Дорога была широкой, но камни покрытия растрескались и выпирали. Кое-где были разрушены целые куски дорожного полотна, в других местах его целиком заливали потоки грязи. На обочинах из голой земли торчали сухие пни. Байяз, должно быть, заметил, что Джезаль смотрит на них.

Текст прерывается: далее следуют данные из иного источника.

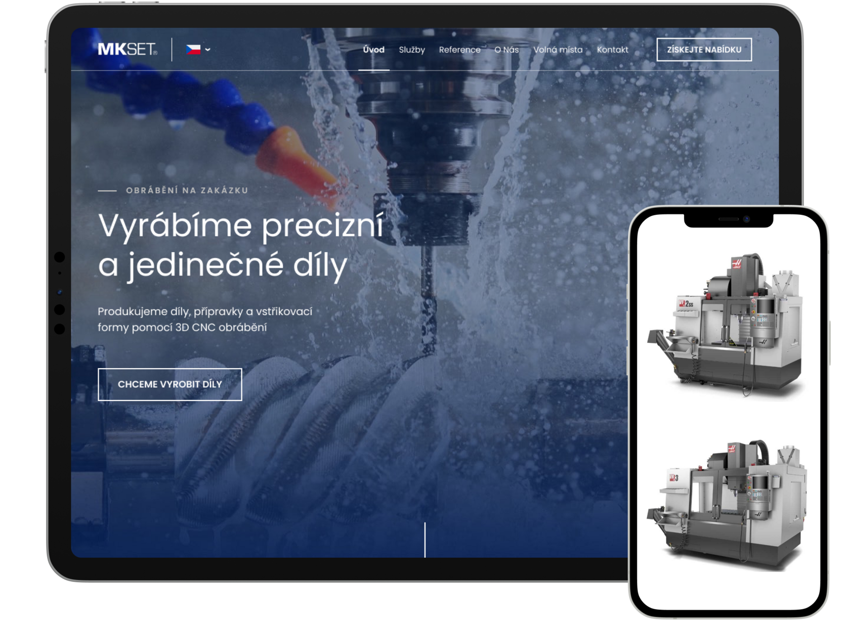 Design jsme vystavěli na kontrastu preciznosti a jednoduchosti, stejně jako funguje samotná výroba v MKSet. Výsledkem je moderní, přehledný a profesionální web, který ukazuje, že i technický obor může působit srozumitelně a přitažlivě.Web, který klientům pomáhá rychleji pochopit, co MKSet nabízí — a proč právě oni.
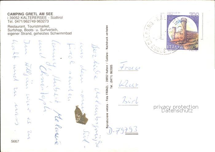 old postcard Kalterer See Suedtirol Camping Gretl am See Schwimmbad Panorama postalisch gelaufen Erhaltung siehe scans
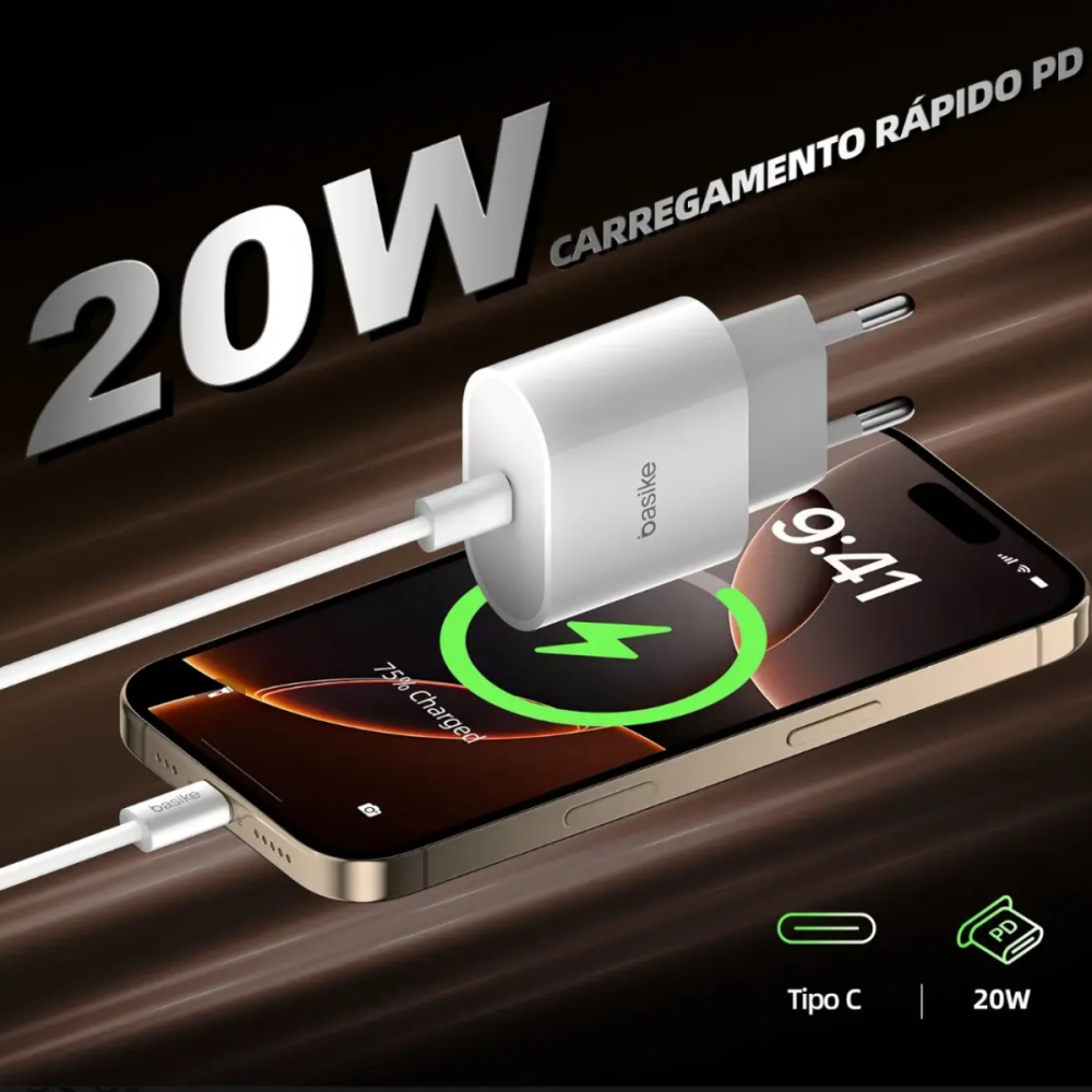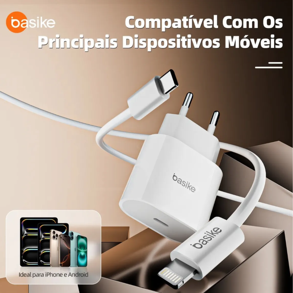 Carregador Completo Turbo PD 20W Conexão Lightning / TIPO-C Basike BA-CAR112
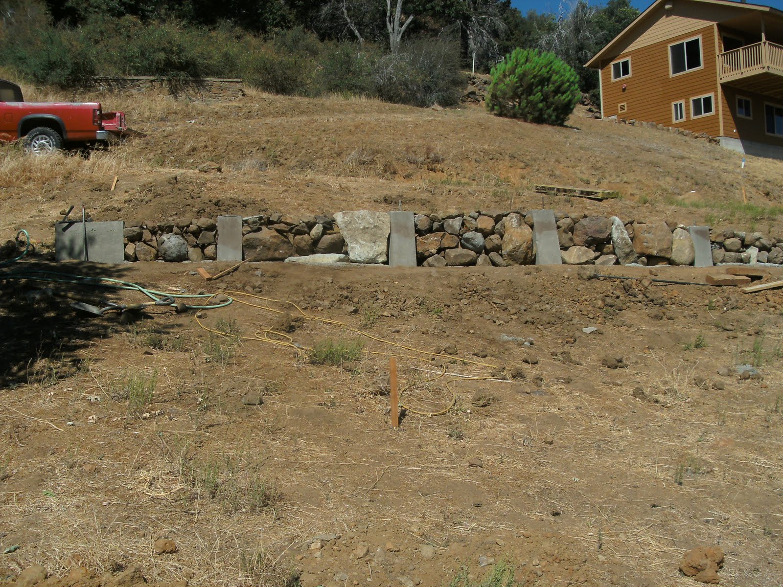 Then dry stacked stones between the pillars, being careful that every stone on the backside has something pointing towards the hillside.  Then I put a sheet of plywood behind it and dumped concrete between the drystacked stones and the plywood.
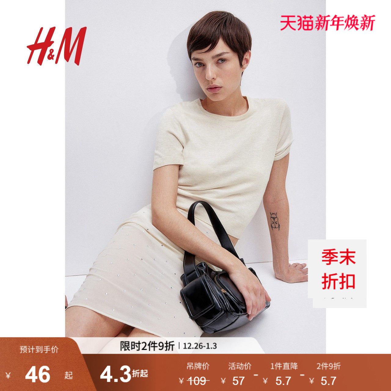 HM女装毛针织衫冬季短袖短款修身罗纹领口针织T恤1232470
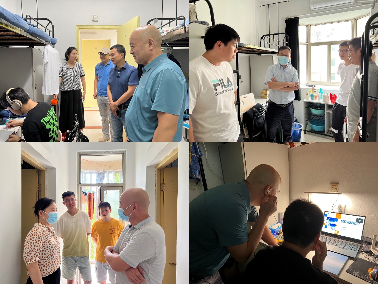 在宿舍,学院领导、老师与同学们亲切交谈,询问大家的开学状态与生活状况。尤其对于刚刚完成两校区搬迁的2020级本科生,学院领导特别关心了他们对全新生活环境与学习阶段的适应情况,勉励同学们对未来的学习生活做好规划;同时叮嘱大家提高疫情防控意识,注重劳逸结合,养成良好习惯。在研究生宿舍,学院领导特别关心了同学们的科研进展和学术状态,叮嘱大家严格遵守实验室安全要求,共筑良好的科研氛围与环境。院领导班子还与同学们同上新学期云端“第一课”,督促同学们按时、按要求完成学习任务,热情饱满地投入新学期,争取新进步。
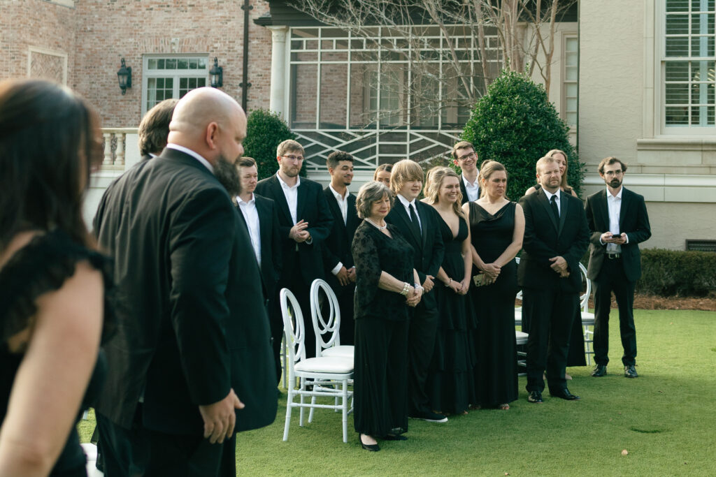 Kayde and Ethan envisioned a wedding day that felt elevated yet deeply personal. Choosing to host a smaller guest count allowed them to focus on meaningful moments and refined details rather than excess. Guests arrived dressed entirely in black, creating a cohesive and striking aesthetic that immediately set the tone for the day.

— Раньше вдоль этой дороги на протяжении двадцати миль от городских ворот шла аллея величественных дубов. Летом листья трепетали и колыхались на ветру, их было видно через всю равнину. Иувин собственными руками посадил эти деревья в Старые времена, когда империя была еще молода. Задолго до моего рождения.
Изуродованные пни были серыми и высохшими, на их расщепленных краях до сих пор виднелись следы пилы.
— Они выглядят так, словно их спилили несколько месяцев назад.
— Много лет, мой мальчик! Когда Гластрод захватил город, он приказал спилить деревья, чтобы топить свои горны.
— Тогда почему же они не сгнили?
— Гниение — это форма жизни. А здесь жизни нет.
Джезаль сгорбился, глядя на обрубки мертвых деревьев, медленно проплывающие мимо, как ряды надгробий.